DATASET RECORDS:
-=-=-

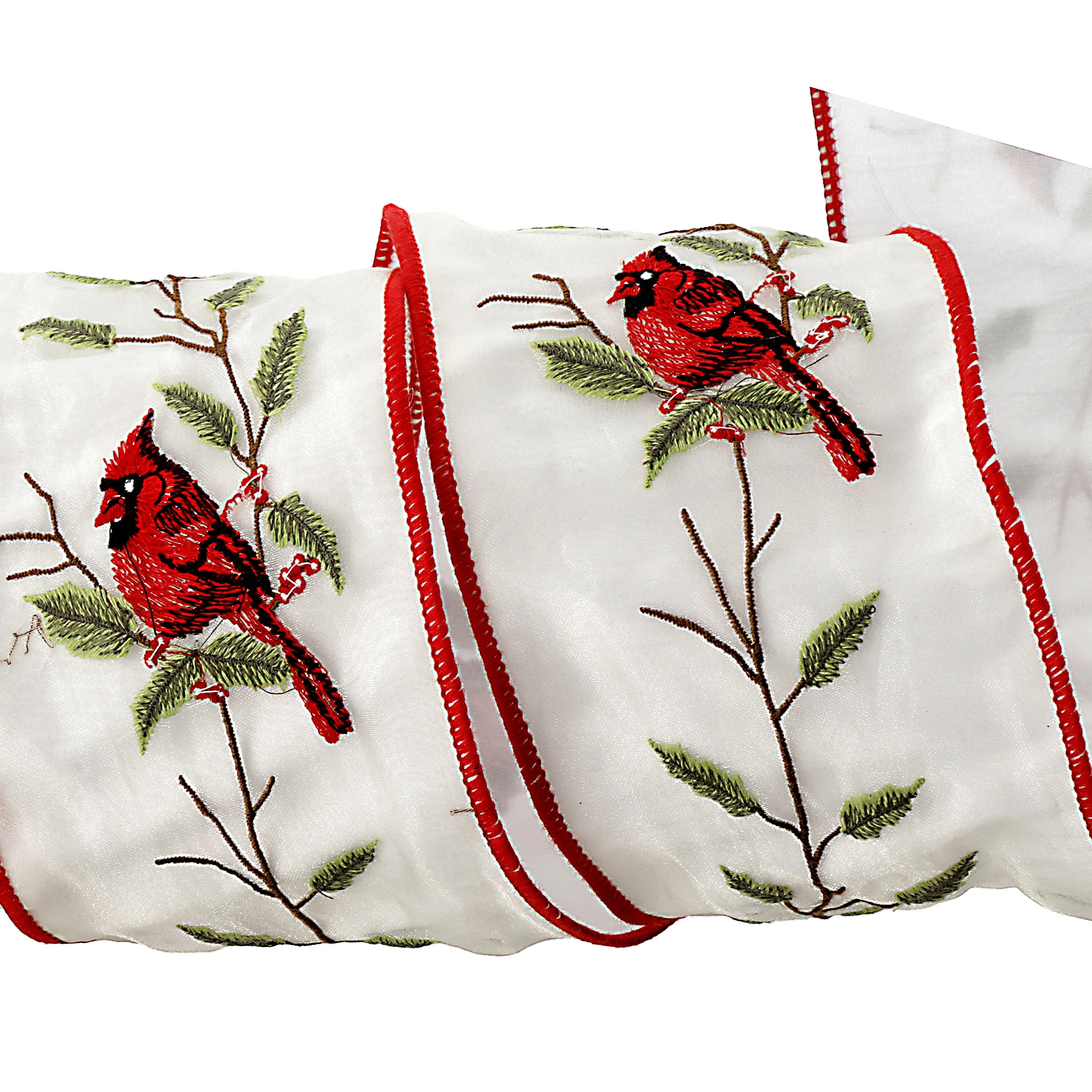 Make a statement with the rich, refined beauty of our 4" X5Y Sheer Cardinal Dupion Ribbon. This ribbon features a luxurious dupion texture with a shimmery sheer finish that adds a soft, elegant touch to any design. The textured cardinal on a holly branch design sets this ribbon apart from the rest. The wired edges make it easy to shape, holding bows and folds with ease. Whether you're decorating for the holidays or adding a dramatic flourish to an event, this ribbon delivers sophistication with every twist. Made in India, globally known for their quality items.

-=-=-

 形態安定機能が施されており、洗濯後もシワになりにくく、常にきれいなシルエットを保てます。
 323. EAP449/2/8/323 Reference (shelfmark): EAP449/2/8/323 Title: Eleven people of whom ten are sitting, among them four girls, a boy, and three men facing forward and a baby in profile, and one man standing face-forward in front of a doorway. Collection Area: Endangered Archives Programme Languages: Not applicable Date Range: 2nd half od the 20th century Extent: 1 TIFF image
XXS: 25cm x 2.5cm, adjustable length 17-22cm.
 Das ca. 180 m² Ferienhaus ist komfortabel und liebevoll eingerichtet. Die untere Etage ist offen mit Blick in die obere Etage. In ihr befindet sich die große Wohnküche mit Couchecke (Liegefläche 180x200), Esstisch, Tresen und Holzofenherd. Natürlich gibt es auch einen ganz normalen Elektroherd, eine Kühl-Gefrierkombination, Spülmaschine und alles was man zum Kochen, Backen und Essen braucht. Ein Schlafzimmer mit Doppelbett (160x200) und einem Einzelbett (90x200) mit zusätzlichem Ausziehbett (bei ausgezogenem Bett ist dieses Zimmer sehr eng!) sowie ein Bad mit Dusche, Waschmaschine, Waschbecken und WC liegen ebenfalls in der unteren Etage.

-=-=-

WHAT TO DO: Starting at the line with "形態安定機能が施されており、" and ending at the line with "XXS: 25cm x 2.5cm, adjustable length 17-22cm.", print each line of the listing above exactly, with no other lines.

YOUR SOLUTION:
 形態安定機能が施されており、洗濯後もシワになりにくく、常にきれいなシルエットを保てます。
 323. EAP449/2/8/323 Reference (shelfmark): EAP449/2/8/323 Title: Eleven people of whom ten are sitting, among them four girls, a boy, and three men facing forward and a baby in profile, and one man standing face-forward in front of a doorway. Collection Area: Endangered Archives Programme Languages: Not applicable Date Range: 2nd half od the 20th century Extent: 1 TIFF image
XXS: 25cm x 2.5cm, adjustable length 17-22cm.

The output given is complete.